Despite her horse knowledge and her abundant endurance experience, it was a complete shock when Jessica got the email inviting her and the horse of her choice, on somewhat short notice, to participate in the 160-km Presidents Endurance Cup in Abu Dhabi next month as a Young Rider. "I was like, ohmigod!" Jessica recalled. "I asked, 'When's the ride?' and they said, 'February 16' and I was like, ohmigod! I can't even sleep!"
Jessica will be riding her mom's horse RGS SHA Strike Two. He's a 13-year-old Arabian with 870 AERC miles in 6 seasons of endurance, 15 finishes in 19 starts, and 2 Best Condition awards. He's attempted 1 100-mile ride, where he was pulled as a rider option. All but one of his finishes were in the Top Ten, and 4 of them were wins.
It's usually senior riders who are invited to compete in the grueling Presidents Cup with near-world record 100-mile finish times (under 6 minutes 30 seconds the last 3 years), and when USA Chef d'equipe Emmett Ross heard that Young Riders would be participating, his reaction was shock: "What!?"
He explains, "It's a challenge, let me put it that way. But we're making a HUGE effort to push our US Young Riders, and this will be an experience, obviously. From a learning and a world exposure experience, it's fantastic. It's not the winning or the losing... it's just the experience you get. It's going to be something they remember for the rest of their lives, and that to me is the essence of riding overseas."
Devan Horn of Texas is the other US Young Rider invited to compete.
Emmett will talk with the girls about their goals in the Presidents Cup, and focus on what they have to do to complete the ride, which will indeed require concentration, when the winners will be riding at 25-26 km/h, while the girls will likely average 16 1/2 to 18 km/h speeds in the sand. There's the added distractions of dealing with great retinues of grooms for UAE riders in the crewing areas, riding amongst Princes of Middle Eastern countries, with dozens of cars racing madly in the sand in front of, behind, and right beside the riders, and grooms handing off water bottles to the riders as they gallop by.
That shouldn't sidetrack a true cowgirl who's used to rough riding on the ranch horses, and it likely won't distract her horse. The DiCamillo horses are ranch stock horses first and they "do pretty much anything and everything we ask them to do." That includes riding up the mountains and down the hills, and roping cows. "You know the Man from Snowy River?" Jessica asks, referring to the Australian movie and the scene where Jim Craig gallops his horse down a seemingly near-vertical mountain. "Strike makes that look easy!" Jessica says with aplomb.
The sand course in Abu Dhabi should be no problem to Jessica and Strike Two. "We live out here where the sand is.
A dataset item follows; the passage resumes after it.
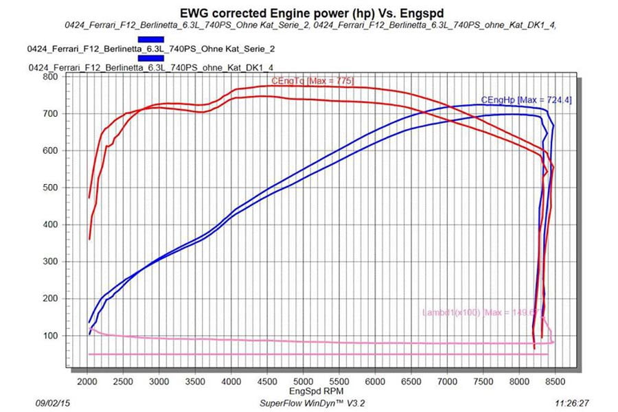 Έτσι η ισχύς θα αυξηθεί ελαφρώς στους 767 ίππους και 722 Nm ροπής, ενώ από το διάγραμμα της δυναμομέτρησης φαίνεται ότι οι καμπύλες της ισχύος και ροπής είναι ίδιες πριν και μετά την αναβάθμιση. Επιδόσεις δεν αναφέρονται, ωστόσο δεν θα έχει και μεγάλες διαφορές από πριν (0-100 χλμ./ώρα σε 3,1 δευτερόλεπτα και 340 χλμ./ώρα τελικής).

He moves across the sand well." Starting a race with over 100 other riders doesn't sound intimidating to Jessica either. "Strike is very powerful. He's a 16-hand horse and he's awesome to ride. But I don't worry about him in a mass start."
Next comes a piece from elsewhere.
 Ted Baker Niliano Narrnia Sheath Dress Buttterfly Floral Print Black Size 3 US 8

Horses are simply a way of life for Jessica and her family, and it's likely this Young Rider will take this big new international endurance experience in stride. For Jessica, the best part of riding endurance is the time spent with the horses, seeing the country go by, and meeting the people; but competing overseas for the first time is also the next step in the evolution on the pathway to Jessica's big endurance goal: "Getting on the World team with my mom, like Valerie Kanavy and her daughter [Danielle] did."
The Presidents Endurance Cup on February 16th will be another milestone on that path.